また、日本語IMEと英語IMEを切り替えて作業していると、無意識のうちに日本語フォントが混在してしまうこともあります。「フォントを意識しないミス」が起こりやすいので、常に英語フォントを使用しているか確認しましょう。
特に注意
• **明朝体(Mincho)**などは文字幅が均一で、英語表記には不向きです。
• **P明朝(プロポーショナル明朝)**であっても、そもそも英語用のフォントではないため、英語論文には使用しないでください。
セリフ体とサンセリフ体の使い分け
英語フォントには大きく分けて「セリフ体(serif)」と「サンセリフ体(sans serif)」の2種類があります。それぞれ用途に応じて使い分けましょう。
セリフ体(Serif)
文字の端に小さな飾りがついているフォントです。
例:Times New Roman, Century
→ 論文本文に最もよく使われます。
サンセリフ体(Sans Serif)
装飾のないすっきりとしたフォントで、縦横の線の幅が均一です。
例:Arial, Helvetica
→ **プレゼンテーションスライドや図表(Figure)**に適しています。
特殊文字や記号も英語フォントで統一を
英語論文では、**ギリシャ文字(α, βなど)や記号(%, :, ;, “ ” など)**が混在することが多いため、フォントの統一に特に注意が必要です。
よくあるミス
• 日本語フォントで入力したギリシャ文字や記号は、英語フォントに変換しても文字自体は変わらないことがあります。
• 例えば、MS明朝で入力した「α」を選択してTimes New Romanに変更しても、見た目は変わらず、中身は日本語フォントのままです。
対処法
• Wordの【挿入】>【記号と特殊文字】から入力した場合は、そのとき設定されている英語フォントで直接入力されるので安心です。
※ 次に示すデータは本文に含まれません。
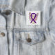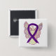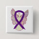 Awareness pin features the painting of a purple awareness ribbon angel on a custom button pendant. The purple awareness ribbon colour shows support for Pancreatic Cancer, Crohn's Disease and Colitis, Alzheimer's Disease, Anti-Gay Bullying (Spirit Day), Cancer Survivor (All Kinds), Domestic Violence, Lupus, Sjögren's Syndrome, Chronic Pain, Leiomyosarcoma, Arnold-Chiari Malformation, Migraines, Cystic Fibrosis, Retinitis Pigmentosa, and Fibromyalgia, to name a few. Purple awareness angel ribbon art lapel pins or buttons can be customised with personalised messages to make great cause buttons for fundraiser pendants for cancer or other causes, awareness pin gifts, or other special pendant events or awareness lapel pin for cause's occasions.
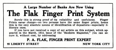 Etter hvert ble Peter Arnfinn regnet som både pioner og en av de største autoritetene innen fingeravtrykk i USA, og han startet da sitt eget firma i New York; Flak Finger Print System Co. Gjennom dette selskapet ble fingeravtrykkssystemet hans spredd til statlige byråer, politiet, og svært mange banker i USA hvor fingeravtrykk ble brukt som sikker identifisering av bankkunder, ikke minst av de bankkundene som ikke kunne lese eller skrive. I Dagbladet 29. juni 1912 kunne man lese at «[…] det skyldes initiativet av en nordmand, hr. P. A. Flak fra Egersund, at amerikanske bankinstituter er begyndt at anvende fingeravtryk til sikring mot bedrageri ved falsk underskrift.»18) I 1913 hadde 82 banker i New York innført hans system. Resten av østkysten av USA var på dette tidspunktet også godt dekket, og han måtte ansette ytterligere personell for å kunne betjene alle forespørslene som kom fra vestlige deler av landet.19)
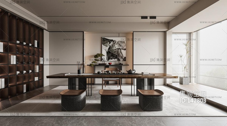 新中式茶室 茶桌椅组合,茶台 3d模型下载 [模型ID:142803]
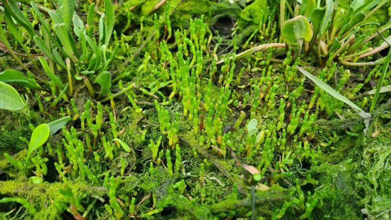 @Frans: Dat gaat redelijk goed. Wel veel sneller dan hier. Na het enorme slakkenprobleem heb ik pas op 7 mei opnieuw gezaaid. Nog maar 12 dagen geleden dus. Dat is ruim vier weken later dan jij. Nog steeds enorm veel last van slakken, maar niet meer bij de zeekraal. Want de bak staat bovenop een barbecue. Nu, vandaag: Over een paar dagen ga ik ook beginnen met wat zoutiger water. Eerst maar eens hoogstens 1/3 van zeewater. Een paar dagen geleden, op het schor: Bij redelijk warm weer kan ik vanaf het schor, vanaf begin juni, al mijn eerste maaltje oogsten (?).
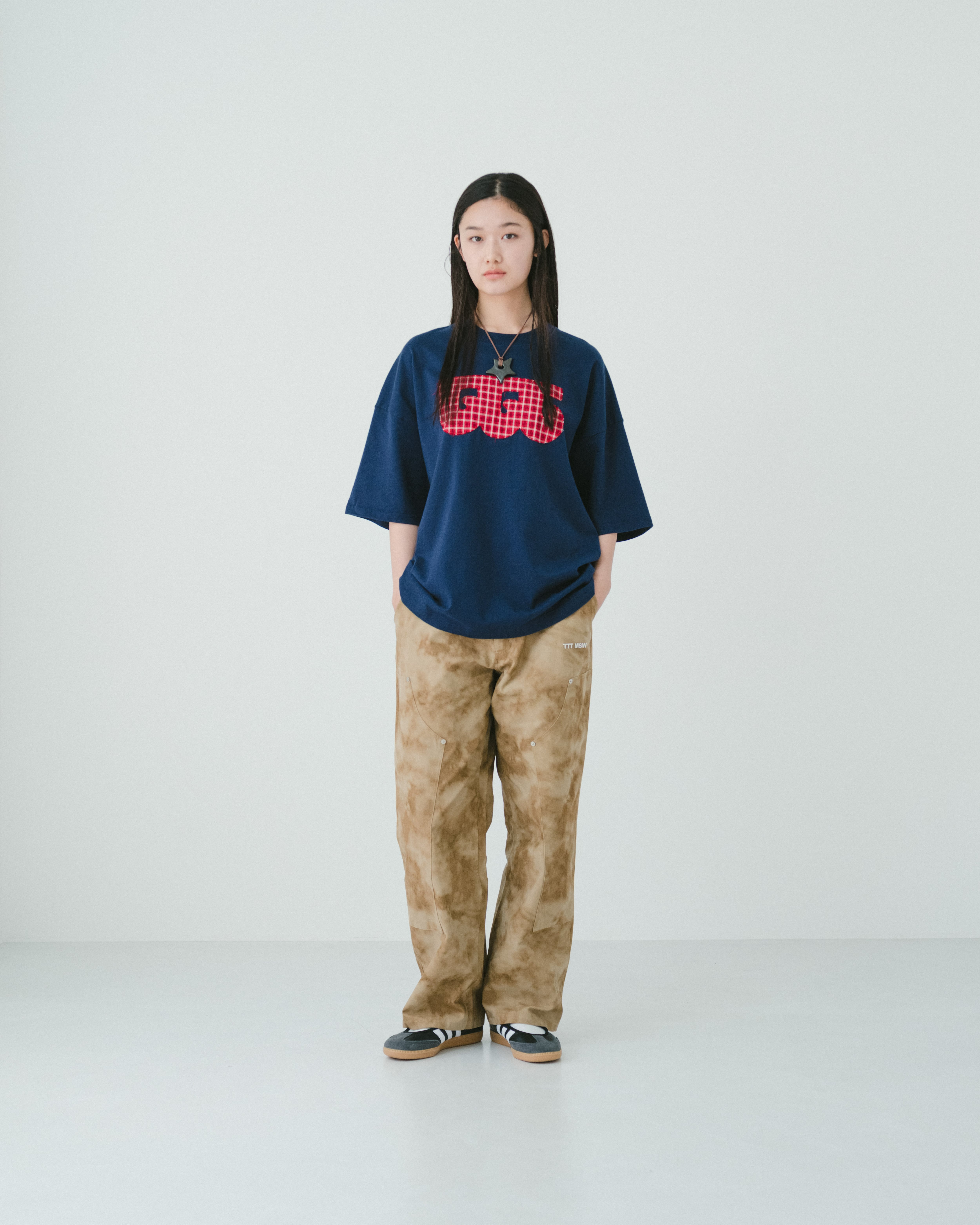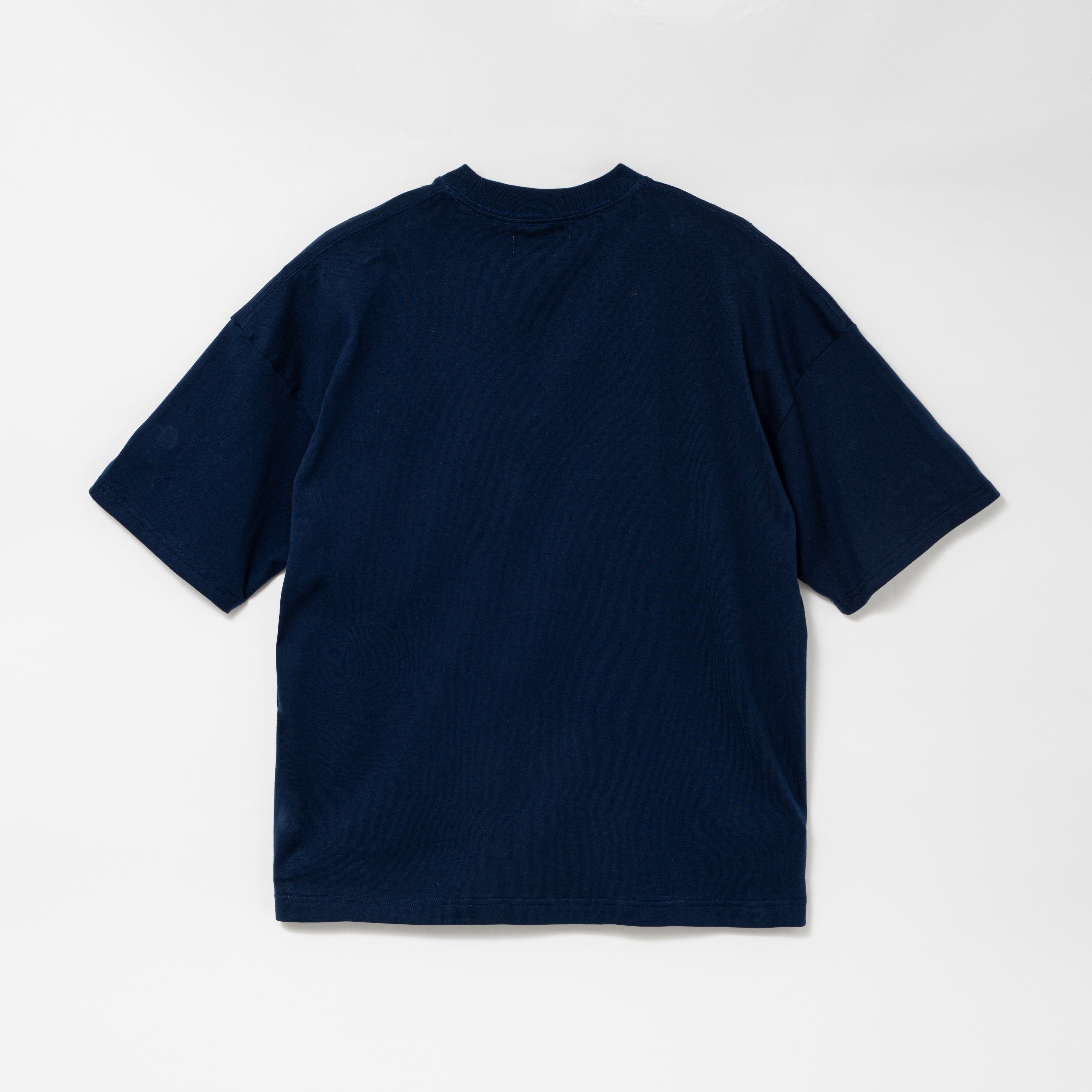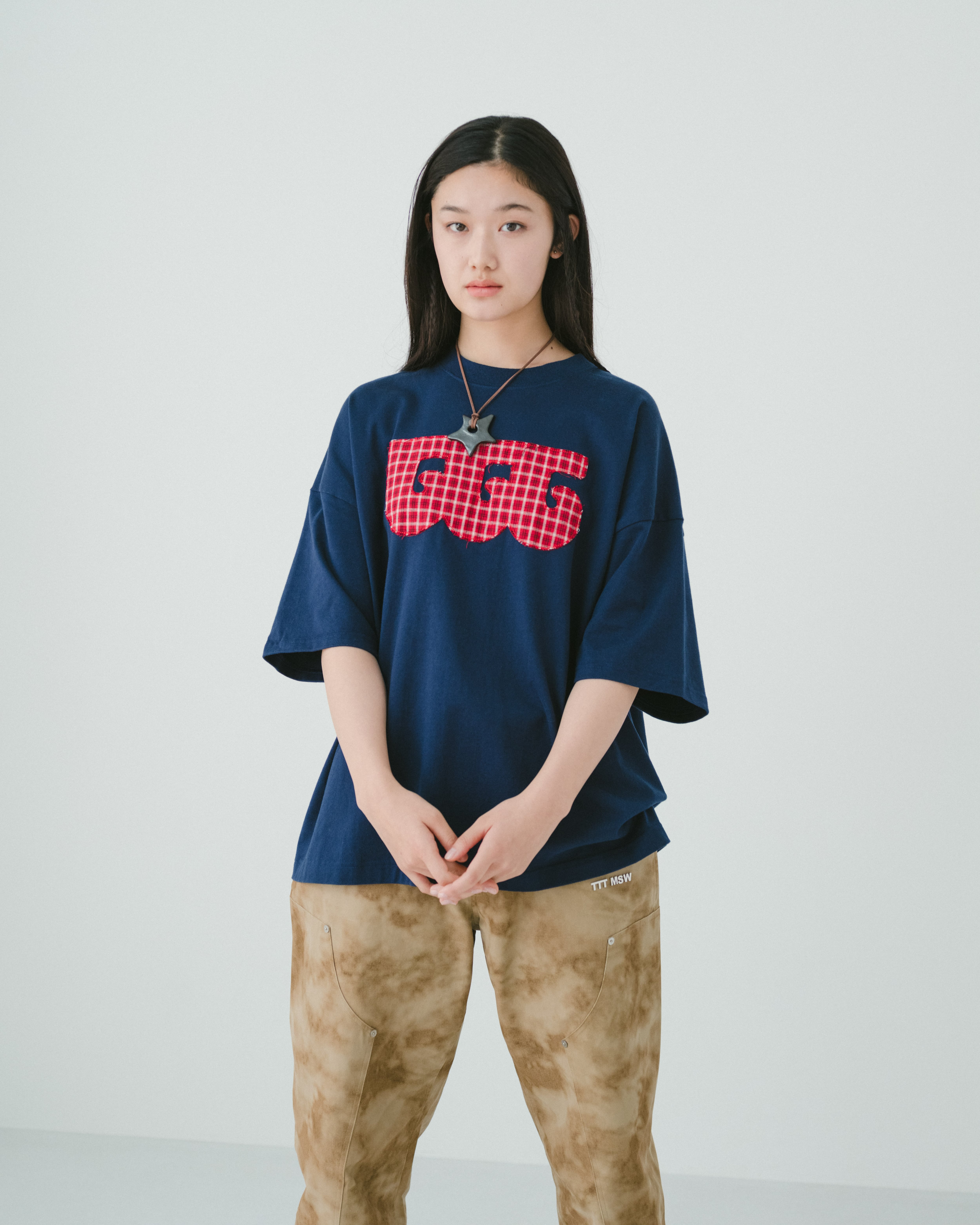 太番手の糸を使用し、度目を詰めたしっかりとした肉感が特徴の天竺。ロゴは、プリントではなく別生地をたたきつけているのがポイント。

• コピーペーストした記号や数字も、元のフォントが何かを確認しましょう。
フォントとサイズの統一を最終確認
英語論文では、**通常11〜12ポイントの英語フォント(Times New Romanなど)**が推奨されています。
最後に確認すべきこと
• フォントの種類やサイズが途中で変わっていないか
• コピーペーストした文に、他のフォントが混ざっていないか
「そんなミスはしない」と思っていても、他の資料やウェブページから貼り付けたときに、意図せず混在しているケースは多く見られます。最終チェックで「文字属性の統一」ができているか、必ず確認しましょう。
まとめ
英語論文の読みやすさ、見やすさは「フォント選び」によって大きく左右されます。
相手の環境でも正しく表示され、ストレスなく読んでもらえるよう、常に英語フォントを意識して文書を作成しましょう。